A small smile began to build within Bo, and she sipped at her wine, suddenly feeling happier. Maybe this was a date. Maybe this wasn’t going to be just an arrangement after all.
“I don’t cheat, I told you,” Max carried on. “So, up until the moment Geoffrey’s house is sold and I go back to Berlin, you’ll be my only sexual partner. I promise.”
The smile and happiness that had been building within Bo instantly dissipated, and she felt inexplicably crushed. The wine in her mouth suddenly tasted bitter, and she swallowed it and her disappointment down quickly before Max could see it. God, she was such an idiot. Such an utter, utter idiot.
“Okay,” she said. “Umm, thanks for telling me.”
“Fidelity is important to me,” Max said. “I won’t be my father.”
“Your father?” Bo asked, abruptly desperate to change the topic. “So, was your father Geoffrey’s brother then? Geoffrey never mentioned any family to me but you, so I’ve been trying to work it out.”

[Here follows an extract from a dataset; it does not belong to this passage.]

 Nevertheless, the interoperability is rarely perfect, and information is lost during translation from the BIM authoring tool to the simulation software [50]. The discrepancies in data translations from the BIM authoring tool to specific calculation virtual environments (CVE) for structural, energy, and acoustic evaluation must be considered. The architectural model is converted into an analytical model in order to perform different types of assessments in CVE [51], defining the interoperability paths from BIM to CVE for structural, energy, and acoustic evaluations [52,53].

Max’s face paled. “No. No, my father wasn’t Geoffrey’s brother.”
Bo nodded. “Okay, so your father was married to Geoffrey’s sister?”
“No,” Max replied tightly. “My father wasn’t married to Geoffrey’s sister. Geoffrey didn’t have a sister. Or a brother. Or any family, really.”
Bo recalled Lisa saying something similar. In fact, the only family Lisa had been able to find for Geoffrey’s obituary had been his ex-wife. She stared at Max for a moment, utterly confused.
“I don’t understand. You’re Geoffrey’s nephew. How can you be Geoffrey’s nephew if he didn’t have any siblings?”
“Because I’m not really his nephew,” Max explained, and his fingers, those long and strong fingers that Bo loved, were wrapped so tightly around the stem of his wine glass it was a wonder he hadn’t snapped it in two.
“How can you not be his nephew?” Bo asked. “He told me you were.”
“Geoffrey said lots of things.”
“But he . . . he left you his house in his will. He paid for your education.” Bo frowned again. She couldn’t claim to have the most functional family on the block, what with her father’s three marriages, but all the same, she knew who was related to who and how.
“He did. But Bo, Geoffrey didn’t do those things because he was my uncle.” Max took a large sip of wine. “No. Geoffrey did them because he was my father.”